- Citizenship: American
- Occupation: Lobbyist

= Ana Cruz =

American lobbyist

Ana Cruz is an American lobbyist at Ballard Partners in Tampa, Florida. She was the first Hispanic executive director of the Florida Democratic Party and was a spokesperson for Hillary Clinton’s presidential campaigns in 2008 and 2016. Cruz is known as “Tampa’s First Lady”, partner of Tampa Mayor, Jane Castor.

== Lobbying career==
Cruz is a managing partner at Ballard Partners, Florida's largest lobbying firm. As a lobbyist, she has sought to build coalitions between government and businesses, professional sports teams, hospitals and technology companies. Cruz worked to attract technology startups to Tampa. She lobbied for Verizon’s integration of their FTTP technology in Tampa and Hillsborough County in 2006 and for Uber ride-sharing to be permitted in the Tampa area and securing federal funding for 'Connected Vehicles' in Tampa. Cruz is assigned by her firm to direct government affairs in Washington D.C. where she worked with the Biden administration on implementing progressive policies.

== Political career ==
Cruz managed her first campaign and worked various staff positions for Bill Clinton, Al Gore and Senator Bill Nelson. Cruz was the executive director of the Florida Democratic Party for two years, the youngest person and first Hispanic person in the role.

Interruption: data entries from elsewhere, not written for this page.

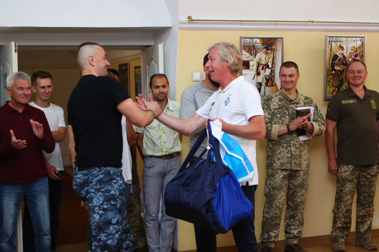 В центральный военный госпиталь приехала основа Динамо в полном составе за исключением игроков сборных, а также тренерский штаб "бело-синих" во главе с Алексеем Михайличенко. Вместе с командой в госпиталь приехал и легендарный игрок киевского клуба Владимир Мунтян, а также представители фан-клуба.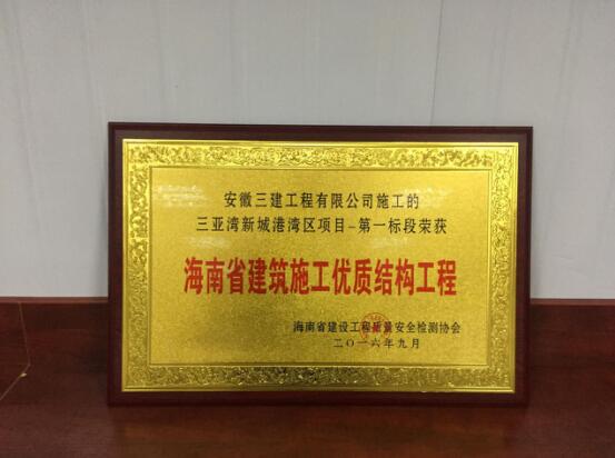新春將至,喜報頻傳。近日,安徽三建一分公司承建的海南魯能三亞灣新城港灣區(qū)項目第一標段被海南省建設工程質(zhì)量安全檢測協(xié)會授予“2016年度海南省建筑施工優(yōu)質(zhì)結構工程”。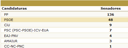 Det socialistiske regeringsparti står tilbage som valget store taber. Partiet får 110 mandater i Kongressen, en tilbagegang på 59 og det værste valgresultat i Spaniens historie.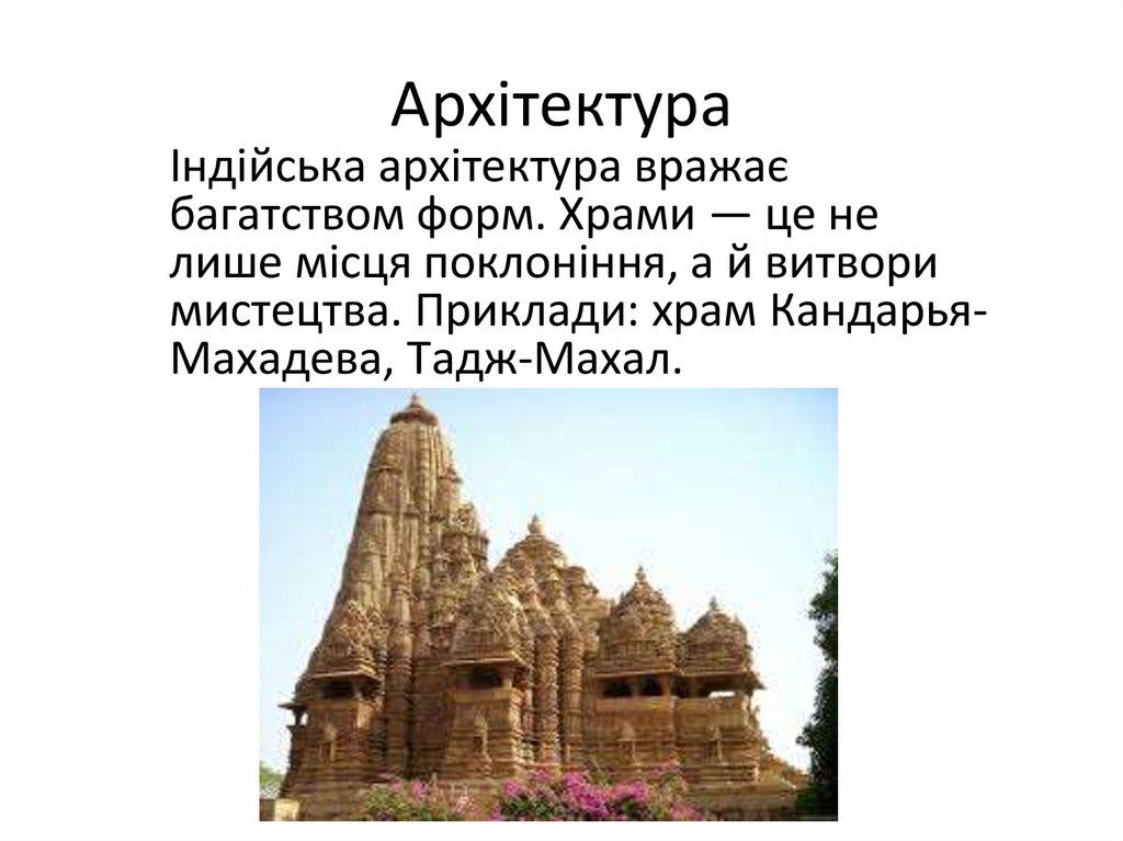 мистецтва. Приклади: храм КандарьяМахадева, Тадж-Махал.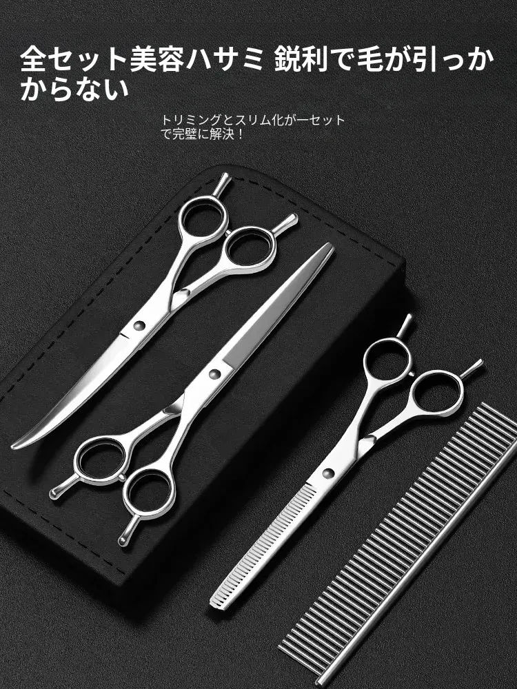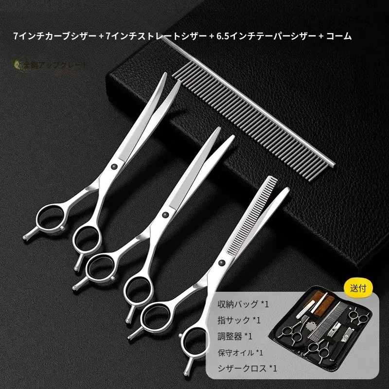 【アップグレード全鋼】7インチカーブシザー+7インチストレートシザー+6.5インチ歯ハサミ+コーム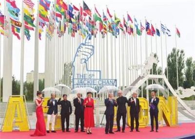 (记者 陈杰) 7月27日下午,第五届成龙国际动作电影周闭幕式暨颁奖典礼举行前,一众明星身着靓衫,神采奕奕在大同体育中心广场进行了红毯秀展示。每一次挥手、微笑,都引来观众热情的回应;而与观众的握手、签名,更是引发粉丝此起彼伏的尖叫,一时间,现场气氛十分热烈。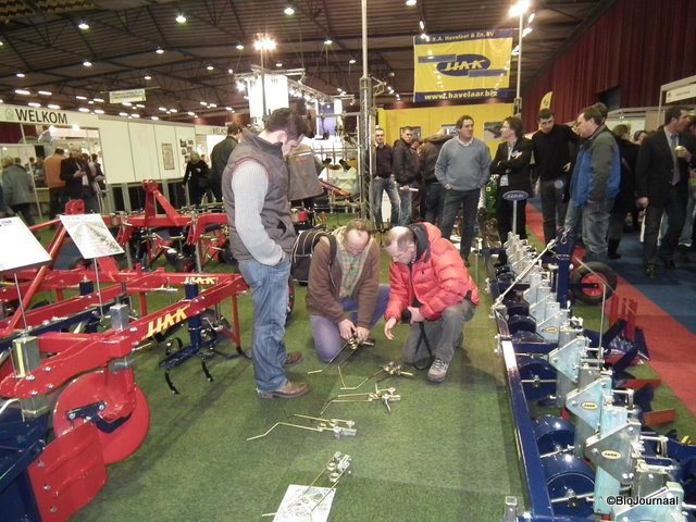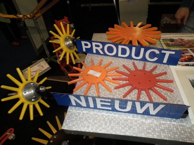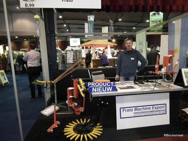 "Theo Remij in de stand van Frato. Hij geeft aan dat de machines meer en meer aangepast worden aan de wensen van de gebruikers. "In de praktijk ervaren zij wat er beter kan." De machine rechts is bijvoorbeeld voorzien van nieuwe metalen vingers."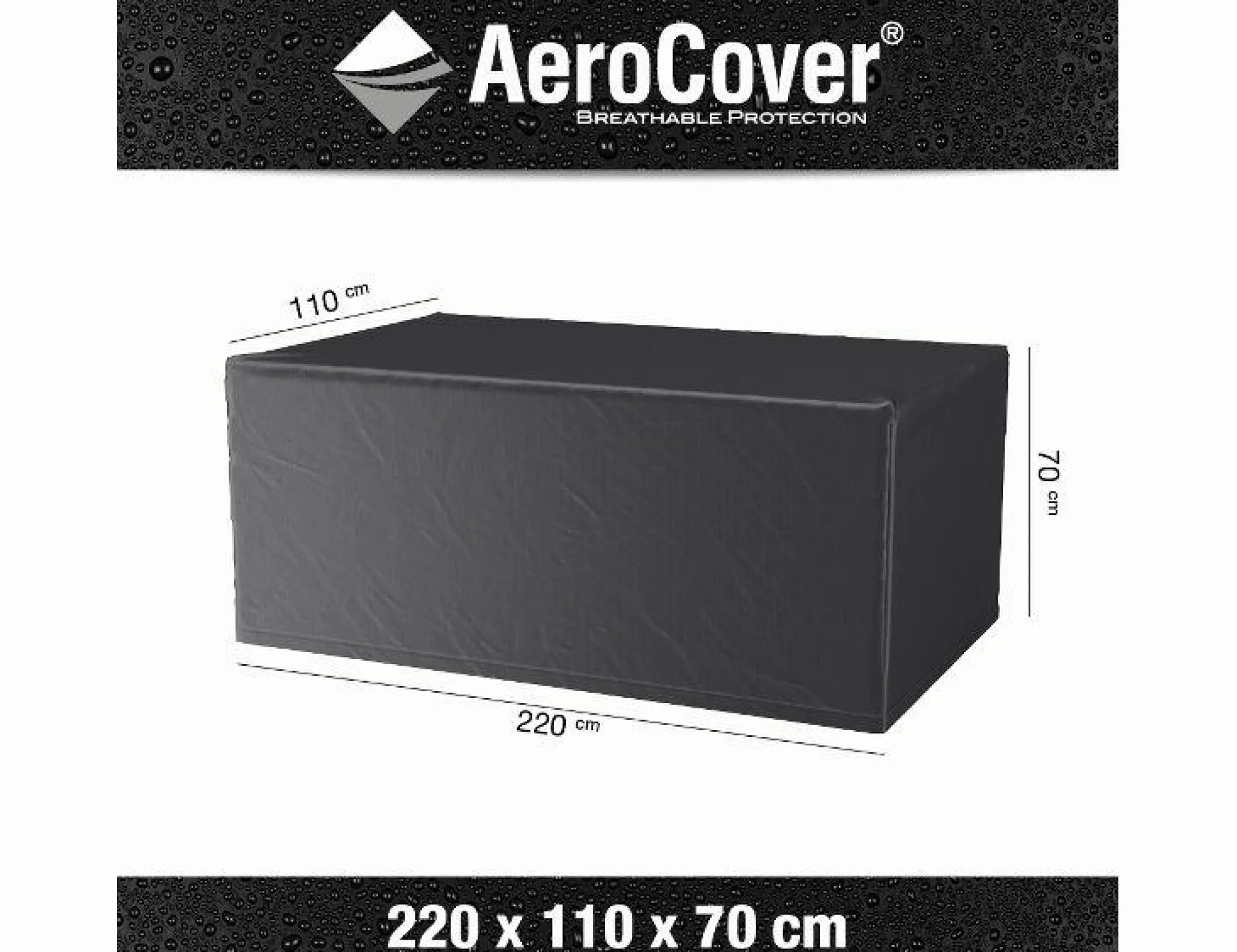 · Sitzgruppen-Hülle von AeroCover. Atmungsaktive Sitzgruppen-Hülle für rechteckige Tische bis zu 220×110 cm inklusive Stühle mit niedriger Rückenhöhe (Höhe der Hülle 70 cm). Das atmungsaktive AeroCover-Gewebe ist wasserbeständig und reduziert die Kondensbildung, wodurch der Bildung von Schimmel vorgebeugt wird. AeroCover Schutzhüllen verlängern die Lebensdauer Ihrer Gartenmöbel. AeroCovers sind aus leichtem Ripstop Polyester mit einer integrierten, atmungsaktiven Membran hergestellt. Dank des dünnen Gewebes sind diese Hüllen besonders handlich in der Anwendung. Bei Nichtgebrauch sind sie platzsparend aufzubewahren und nehmen, auch dank der integrierten Aufbewahrungstasche, sehr wenig Platz ein. Die Hülle ist mit einem Zugband mit zwei Stoppern ausgestattet, so dass eine optimale Befestigung sichergestellt ist. Das AeroCover-Gewebe ist 100% wasserdicht, die Nähte sind spritzwasserfest.

Cruz was a Hillary Clinton campaign spokesperson in 2008 and 2016, and a Joe Biden campaign advisor in 2020, on the DNC’s convention platform committee as a representative for Joe Biden.

== Committees and awards ==
Cruz is on the board of the Greater Tampa Bay Chamber of Commerce, the Athena Society, the 51st Super Bowl committee. Cruz was included in "Florida's Top 100 Most Influential" by Florida Politics Magazine in 2020 and 2021.